Our study uses several features available in the BEAST2 framework for linking the results of the analysis directly to the data that ultimately support it. We applied topology tests to examine the strength of evidence for and against alternative positions for Gorontalo-Mongondow, and also probabilistically reconstructed lexical innovations occurring on branches of interest. These kinds of analyses add an extra dimension to Bayesian analysis of linguistic data, allowing assessments about the strength of the evidence supporting a particular hypothesis beyond the posterior probability values returned by standard analyses.

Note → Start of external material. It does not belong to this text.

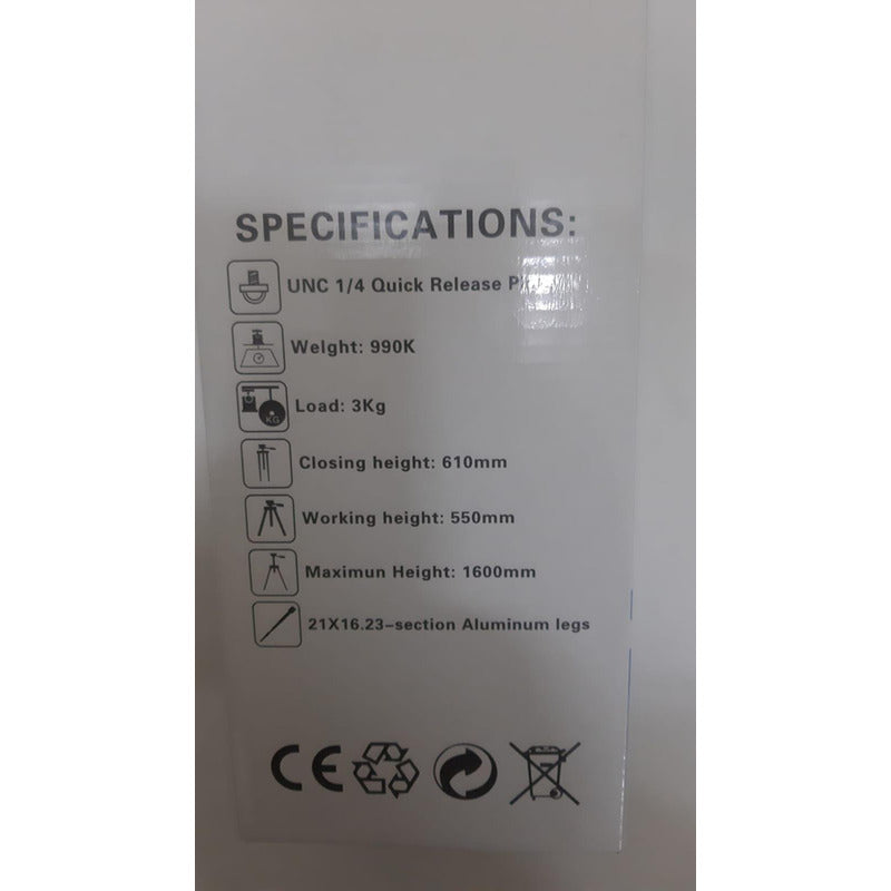 - Altura: extendida: aproximadamente 160 cm con la cámara alcanza los 170 cm, cerrada: 61 cm

Overall, our results conclusively reject a simplistic North-to-South dispersal of Austronesian languages in the Philippines. Instead, we propose an initial rapid expansion from the south, followed by high levels of diffusion across language chains, including repeated language shifts from ‘Negrito’ to Austronesian. Our investigation of the data also reveals substantial effects of contact on the distribution of lexical cognates. In contrast, there is little evidence for secondary demographic expansion and language levelling events beyond a possible event at the origin of Philippine languages and the migration of Gorontalo-Mongondow. This suggests a dominant role for cultural diffusion in the Philippines following Austronesian expansion. Our implementation of several methods to scrutinize the results of our Bayesian analysis serve as a template for Bayesian analysis of linguistic data in future studies.
Materials and methods
We assembled a dataset of Philippine and Formosan languages from the Austronesian Basic Vocabulary Database46, discarding any doculects with less than 80 cognate sets. The sample consisted of 202 doculects: 147 from the Philippines and an outgroup of 55 Formosan doculects. The data comprised 7565 cognate sets in 185 meanings and is curated at https://github.com/SimonGreenhill/abvd_philippines. A table showing the languages and their sources is included (SI Appendix, Table S1). The cognate coding for Formosan and Philippine languages has been extensively revised since the analysis of Gray, et al.45 by L Reid (Philippines) and M Ross (Formosan).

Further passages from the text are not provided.